* _Exercise details_: A faithful copy of all the data is the goal; omit the pictures.
+++ Supplied material +++
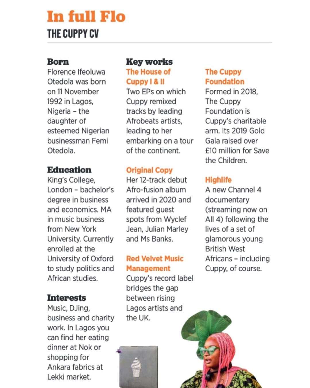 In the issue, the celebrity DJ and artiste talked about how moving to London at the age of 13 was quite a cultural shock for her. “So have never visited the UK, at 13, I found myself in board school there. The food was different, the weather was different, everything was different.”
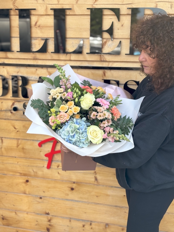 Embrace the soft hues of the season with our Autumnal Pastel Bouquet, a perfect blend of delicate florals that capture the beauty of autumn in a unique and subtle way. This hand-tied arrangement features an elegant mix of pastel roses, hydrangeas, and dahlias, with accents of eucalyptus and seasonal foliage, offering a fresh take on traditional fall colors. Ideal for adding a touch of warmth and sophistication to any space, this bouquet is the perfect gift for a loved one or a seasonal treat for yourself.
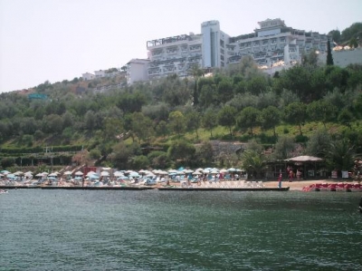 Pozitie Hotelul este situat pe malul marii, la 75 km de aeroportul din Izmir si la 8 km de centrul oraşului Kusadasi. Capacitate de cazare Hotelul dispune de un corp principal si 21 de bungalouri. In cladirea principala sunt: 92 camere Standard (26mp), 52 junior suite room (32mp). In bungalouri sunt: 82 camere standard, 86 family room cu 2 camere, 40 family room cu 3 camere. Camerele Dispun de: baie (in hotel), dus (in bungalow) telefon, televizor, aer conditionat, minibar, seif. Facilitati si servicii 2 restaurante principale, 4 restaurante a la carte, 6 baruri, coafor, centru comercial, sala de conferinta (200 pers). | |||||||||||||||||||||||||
+++
* _Expected answer_:
 In the issue, the celebrity DJ and artiste talked about how moving to London at the age of 13 was quite a cultural shock for her. “So have never visited the UK, at 13, I found myself in board school there. The food was different, the weather was different, everything was different.”
 Embrace the soft hues of the season with our Autumnal Pastel Bouquet, a perfect blend of delicate florals that capture the beauty of autumn in a unique and subtle way. This hand-tied arrangement features an elegant mix of pastel roses, hydrangeas, and dahlias, with accents of eucalyptus and seasonal foliage, offering a fresh take on traditional fall colors. Ideal for adding a touch of warmth and sophistication to any space, this bouquet is the perfect gift for a loved one or a seasonal treat for yourself.
 Pozitie Hotelul este situat pe malul marii, la 75 km de aeroportul din Izmir si la 8 km de centrul oraşului Kusadasi. Capacitate de cazare Hotelul dispune de un corp principal si 21 de bungalouri. In cladirea principala sunt: 92 camere Standard (26mp), 52 junior suite room (32mp). In bungalouri sunt: 82 camere standard, 86 family room cu 2 camere, 40 family room cu 3 camere. Camerele Dispun de: baie (in hotel), dus (in bungalow) telefon, televizor, aer conditionat, minibar, seif. Facilitati si servicii 2 restaurante principale, 4 restaurante a la carte, 6 baruri, coafor, centru comercial, sala de conferinta (200 pers). | |||||||||||||||||||||||||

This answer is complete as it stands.